→ **WHAT IS BEING ASKED**: Omit the pictures and return exactly the stretch of the material below from the line with "Model Adeverinta Solicitant" through the line with "1857 ミシガン州マンチェスター銀行 3.00 ドルの廃止された紙幣".

→ **EXERCISE INPUT**:
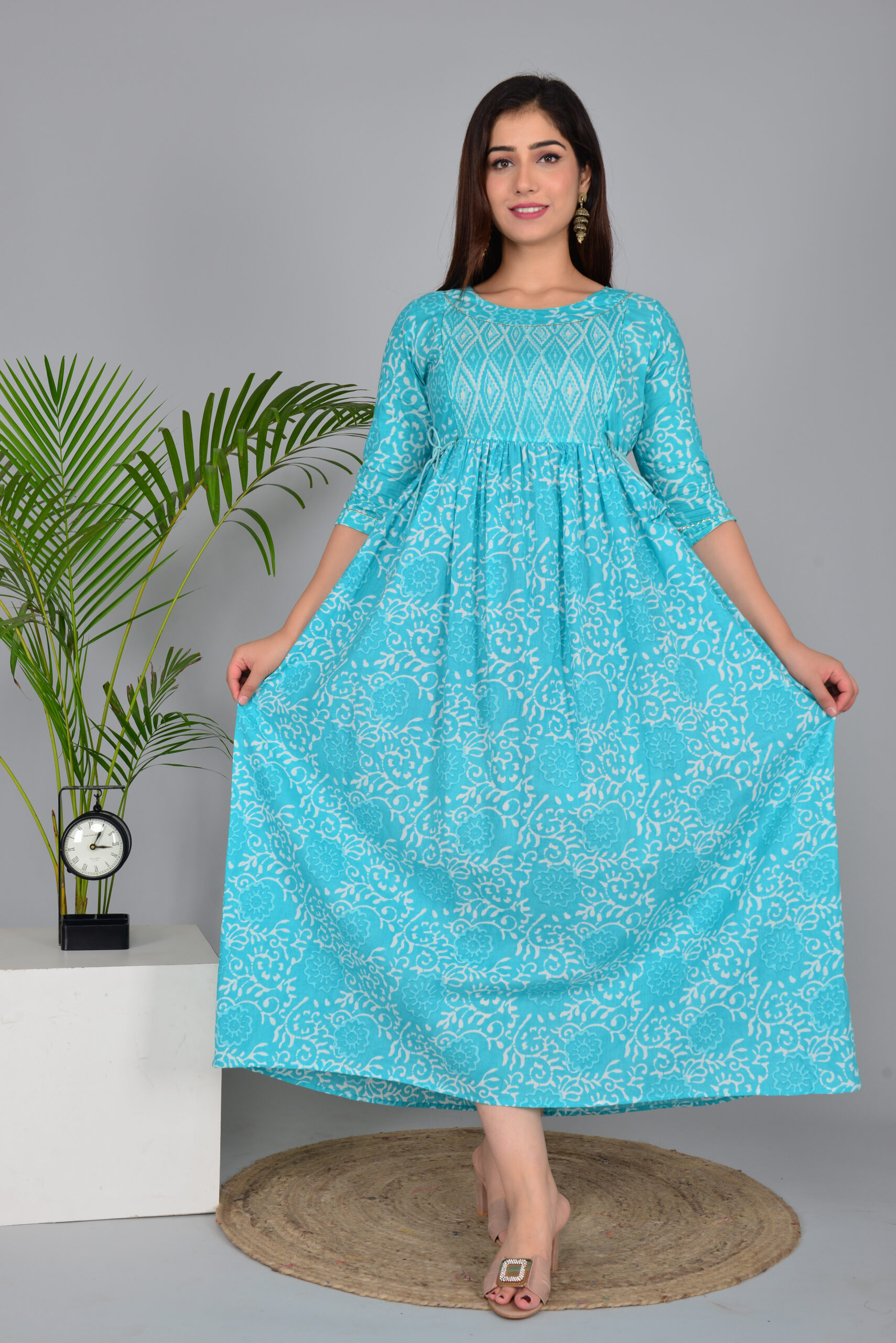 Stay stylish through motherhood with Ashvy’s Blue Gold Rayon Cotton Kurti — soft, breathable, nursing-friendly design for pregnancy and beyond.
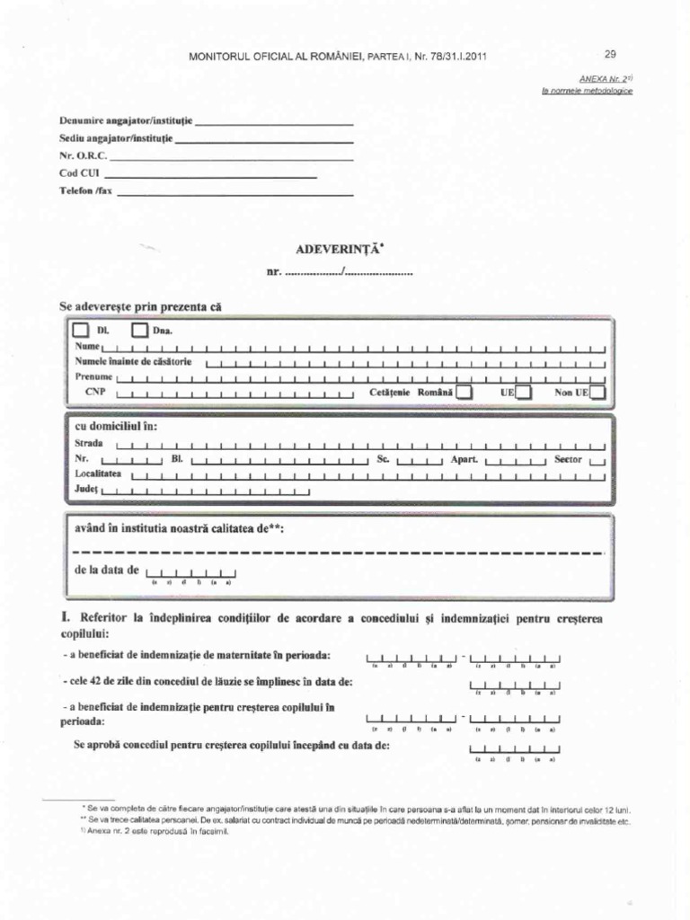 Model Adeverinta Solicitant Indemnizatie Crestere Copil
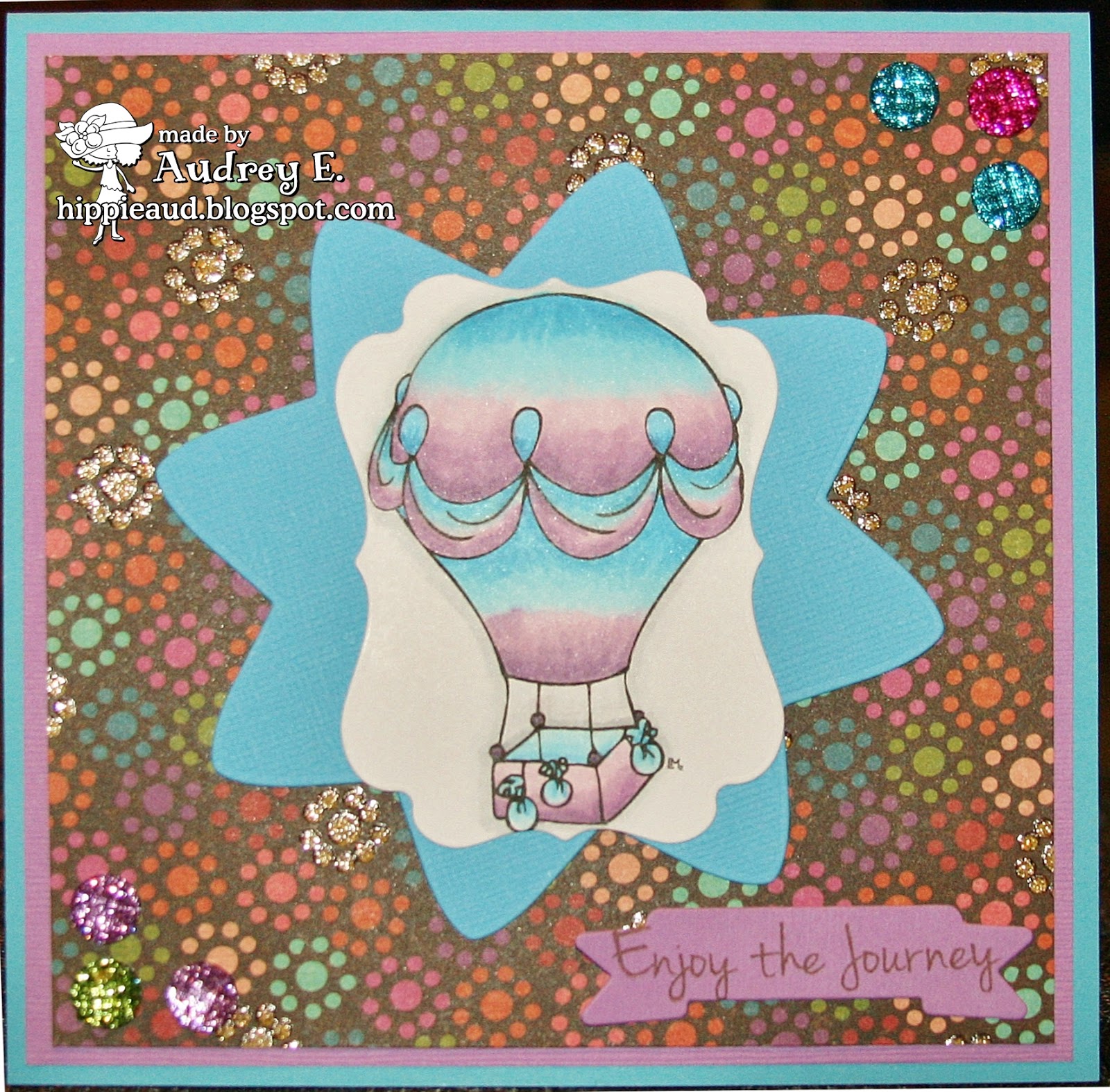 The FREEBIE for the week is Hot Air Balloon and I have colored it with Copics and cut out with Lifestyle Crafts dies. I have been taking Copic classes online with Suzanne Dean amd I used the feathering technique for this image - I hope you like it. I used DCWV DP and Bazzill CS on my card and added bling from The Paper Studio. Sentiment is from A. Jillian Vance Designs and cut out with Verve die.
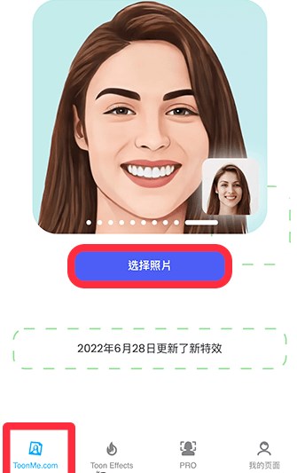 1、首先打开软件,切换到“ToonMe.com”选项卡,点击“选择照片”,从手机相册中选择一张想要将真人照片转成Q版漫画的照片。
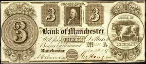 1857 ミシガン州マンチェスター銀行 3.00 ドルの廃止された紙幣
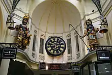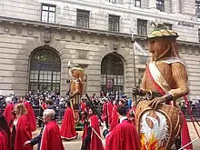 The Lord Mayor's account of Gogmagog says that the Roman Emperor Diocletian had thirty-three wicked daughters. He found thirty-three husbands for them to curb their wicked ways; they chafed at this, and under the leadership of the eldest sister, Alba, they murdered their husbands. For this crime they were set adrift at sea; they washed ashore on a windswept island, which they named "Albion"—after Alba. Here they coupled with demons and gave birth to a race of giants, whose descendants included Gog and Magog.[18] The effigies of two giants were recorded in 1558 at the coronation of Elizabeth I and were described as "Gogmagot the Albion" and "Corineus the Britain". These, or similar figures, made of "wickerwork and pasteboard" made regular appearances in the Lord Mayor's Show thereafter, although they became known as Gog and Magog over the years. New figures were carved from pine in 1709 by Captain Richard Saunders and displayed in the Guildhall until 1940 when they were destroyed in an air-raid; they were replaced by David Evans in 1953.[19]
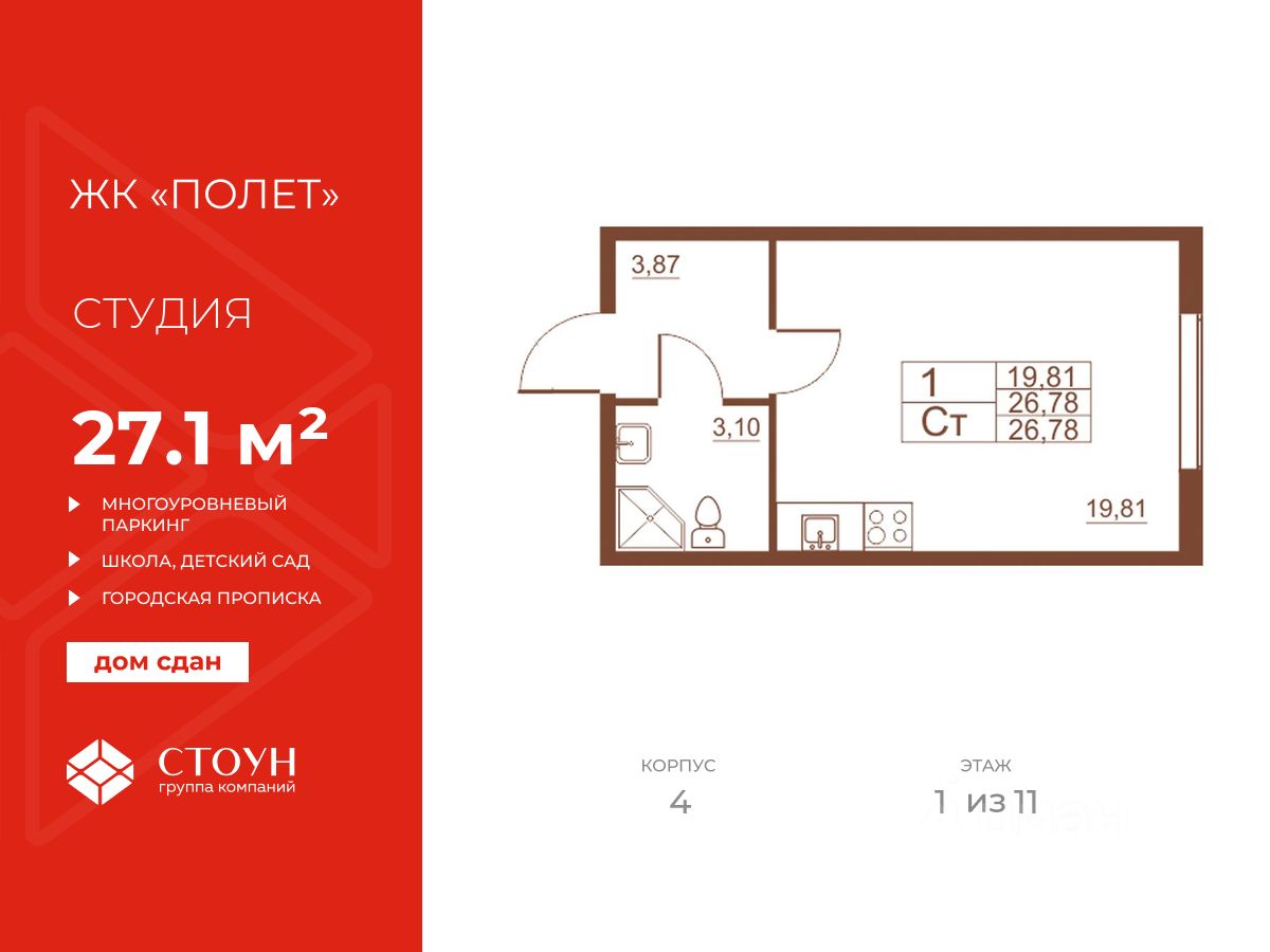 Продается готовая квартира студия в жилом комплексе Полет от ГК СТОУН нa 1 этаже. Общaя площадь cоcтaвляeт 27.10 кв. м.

→ **RESULT FOR THIS TASK**:
 Model Adeverinta Solicitant Indemnizatie Crestere Copil
 The FREEBIE for the week is Hot Air Balloon and I have colored it with Copics and cut out with Lifestyle Crafts dies. I have been taking Copic classes online with Suzanne Dean amd I used the feathering technique for this image - I hope you like it. I used DCWV DP and Bazzill CS on my card and added bling from The Paper Studio. Sentiment is from A. Jillian Vance Designs and cut out with Verve die.
 1、首先打开软件,切换到“ToonMe.com”选项卡,点击“选择照片”,从手机相册中选择一张想要将真人照片转成Q版漫画的照片。
 1857 ミシガン州マンチェスター銀行 3.00 ドルの廃止された紙幣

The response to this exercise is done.